**DIRECTIONS:** Below is a listing with pictures in it; transcribe exactly the lines from the one that has "#ニット #カーディガン #ロングスリーブ" through the one that has "Il quarzo della", and omit those pictures.

**MATERIAL FOR THIS TASK:**

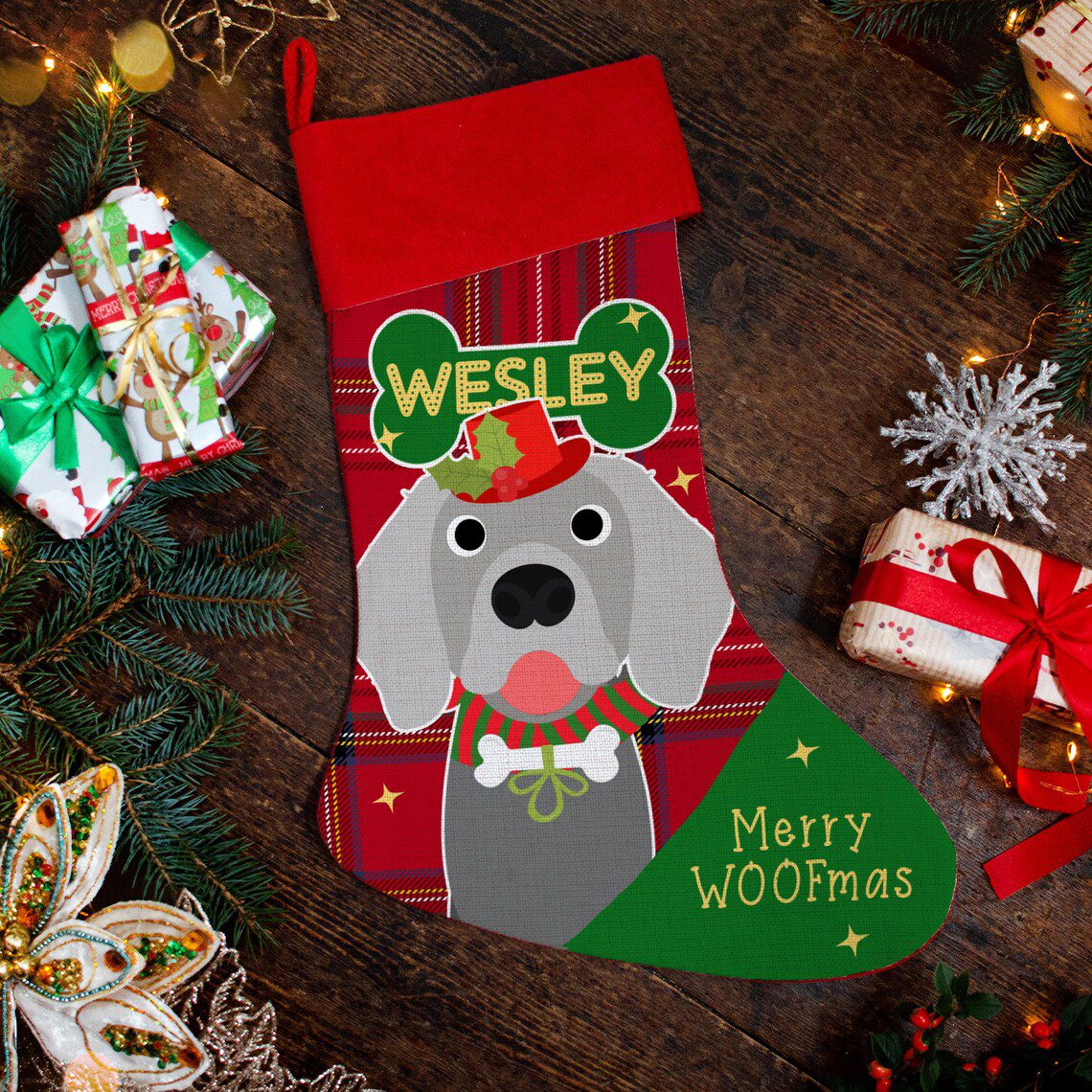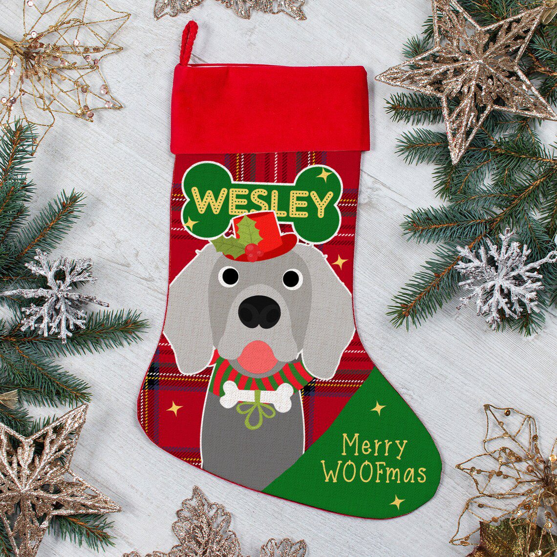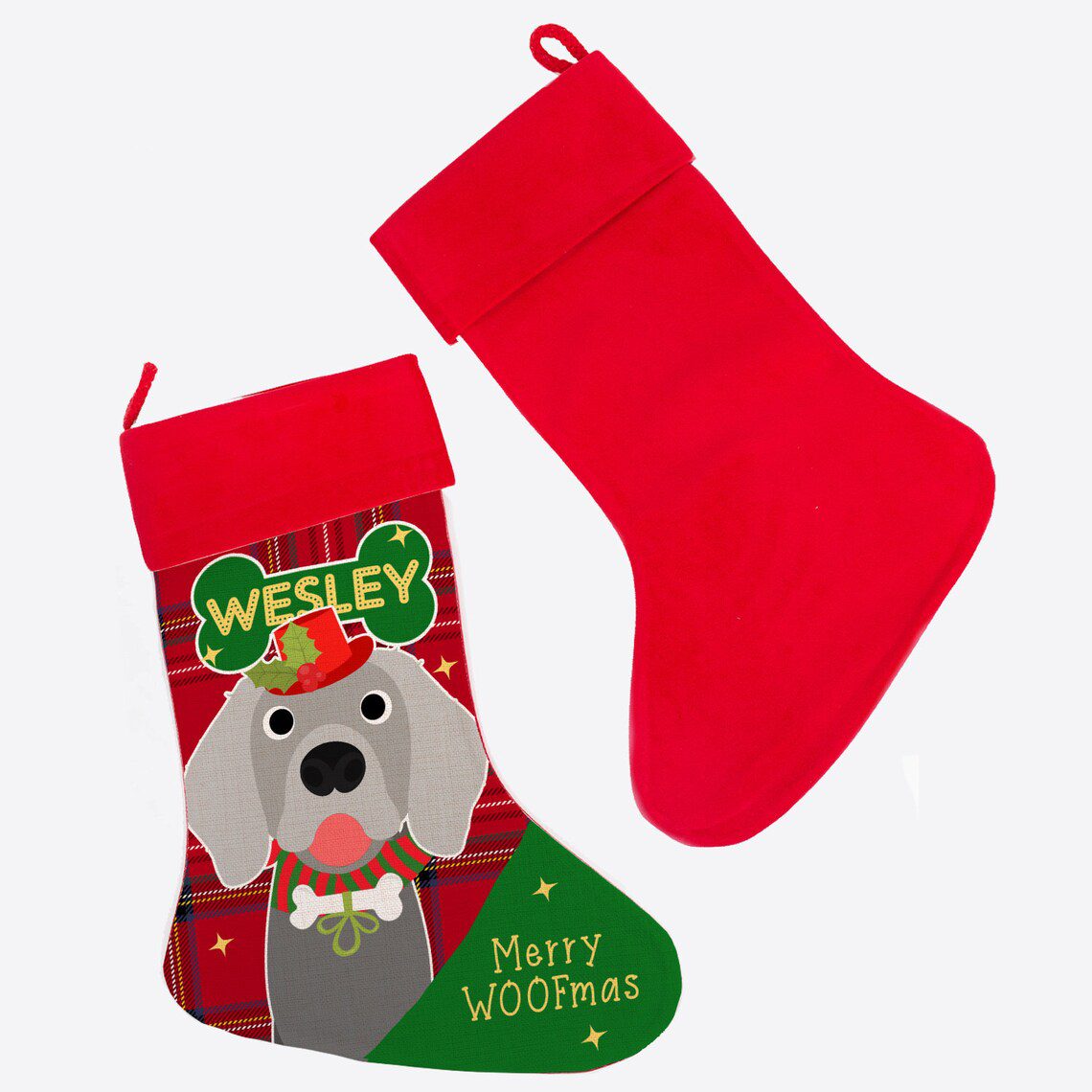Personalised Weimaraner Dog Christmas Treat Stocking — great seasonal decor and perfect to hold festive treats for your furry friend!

...

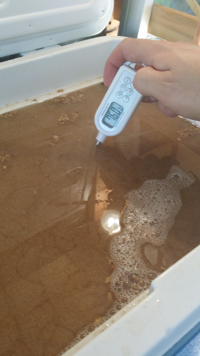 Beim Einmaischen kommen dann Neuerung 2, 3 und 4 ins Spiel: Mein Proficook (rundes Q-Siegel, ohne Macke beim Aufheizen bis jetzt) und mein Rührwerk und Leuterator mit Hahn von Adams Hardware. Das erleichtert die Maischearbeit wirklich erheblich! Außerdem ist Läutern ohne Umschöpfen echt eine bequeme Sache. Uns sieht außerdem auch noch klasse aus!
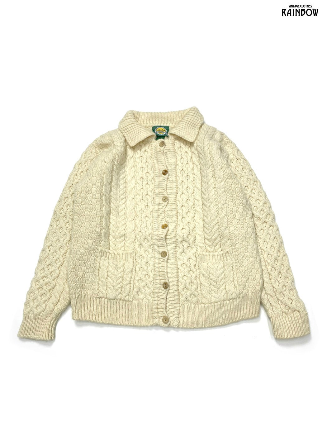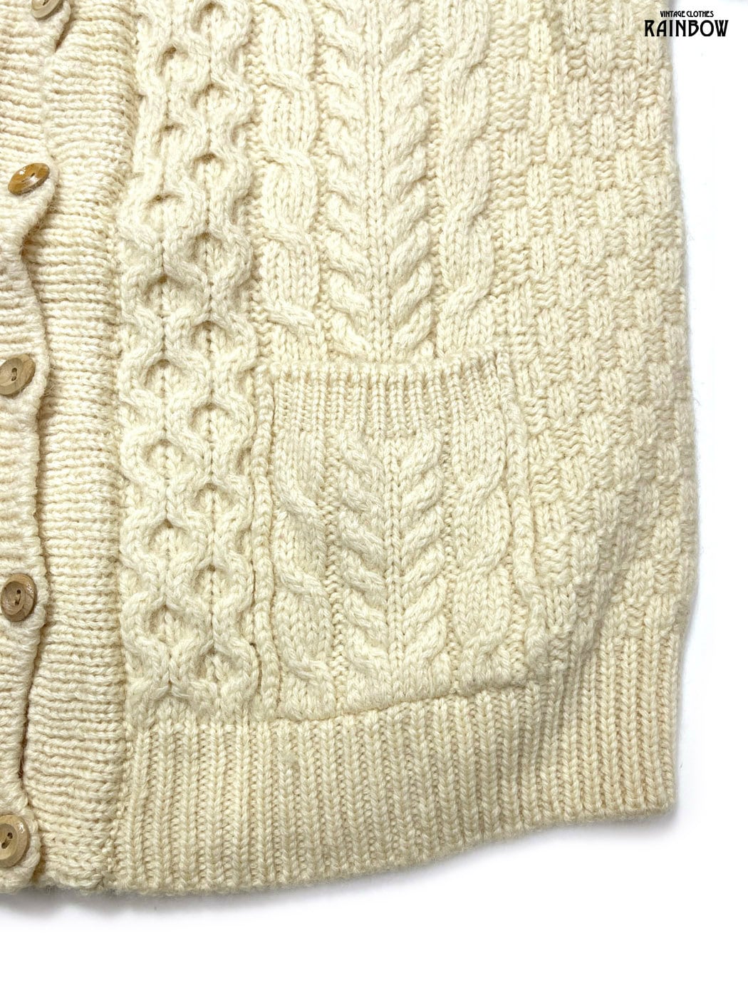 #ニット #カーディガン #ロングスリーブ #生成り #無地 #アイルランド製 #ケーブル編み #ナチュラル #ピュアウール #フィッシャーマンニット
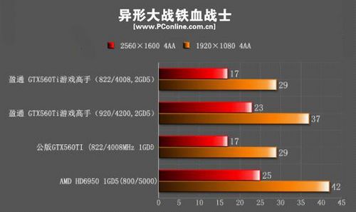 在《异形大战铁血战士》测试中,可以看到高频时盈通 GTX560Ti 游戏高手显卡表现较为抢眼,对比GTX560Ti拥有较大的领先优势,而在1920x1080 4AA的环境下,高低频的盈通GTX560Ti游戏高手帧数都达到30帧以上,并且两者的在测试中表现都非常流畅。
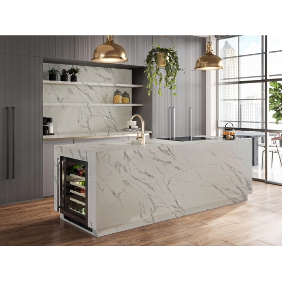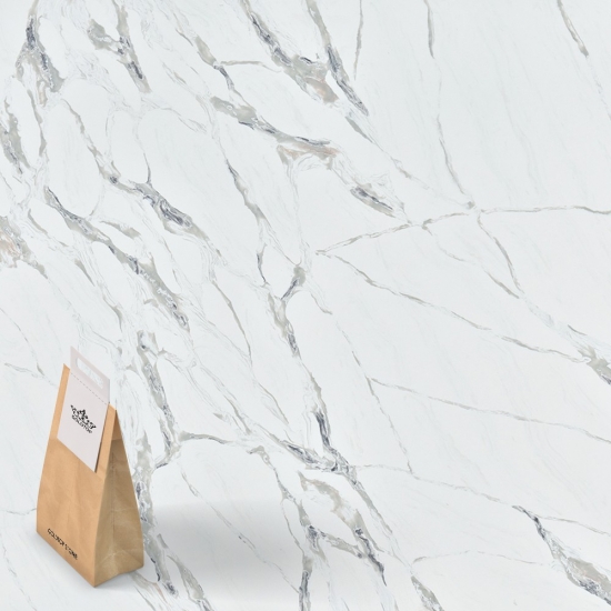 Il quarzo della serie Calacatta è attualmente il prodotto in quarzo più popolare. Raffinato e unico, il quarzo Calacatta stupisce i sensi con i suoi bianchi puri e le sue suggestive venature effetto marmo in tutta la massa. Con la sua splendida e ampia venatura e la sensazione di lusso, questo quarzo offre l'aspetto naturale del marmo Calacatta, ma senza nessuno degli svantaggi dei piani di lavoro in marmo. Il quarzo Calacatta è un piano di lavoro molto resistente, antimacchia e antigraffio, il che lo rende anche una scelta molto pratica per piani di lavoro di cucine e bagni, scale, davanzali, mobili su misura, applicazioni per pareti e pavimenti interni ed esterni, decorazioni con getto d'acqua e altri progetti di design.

**SOLUTION FOR THIS EXERCISE:**
 #ニット #カーディガン #ロングスリーブ #生成り #無地 #アイルランド製 #ケーブル編み #ナチュラル #ピュアウール #フィッシャーマンニット
 在《异形大战铁血战士》测试中,可以看到高频时盈通 GTX560Ti 游戏高手显卡表现较为抢眼,对比GTX560Ti拥有较大的领先优势,而在1920x1080 4AA的环境下,高低频的盈通GTX560Ti游戏高手帧数都达到30帧以上,并且两者的在测试中表现都非常流畅。
 Il quarzo della serie Calacatta è attualmente il prodotto in quarzo più popolare. Raffinato e unico, il quarzo Calacatta stupisce i sensi con i suoi bianchi puri e le sue suggestive venature effetto marmo in tutta la massa. Con la sua splendida e ampia venatura e la sensazione di lusso, questo quarzo offre l'aspetto naturale del marmo Calacatta, ma senza nessuno degli svantaggi dei piani di lavoro in marmo. Il quarzo Calacatta è un piano di lavoro molto resistente, antimacchia e antigraffio, il che lo rende anche una scelta molto pratica per piani di lavoro di cucine e bagni, scale, davanzali, mobili su misura, applicazioni per pareti e pavimenti interni ed esterni, decorazioni con getto d'acqua e altri progetti di design.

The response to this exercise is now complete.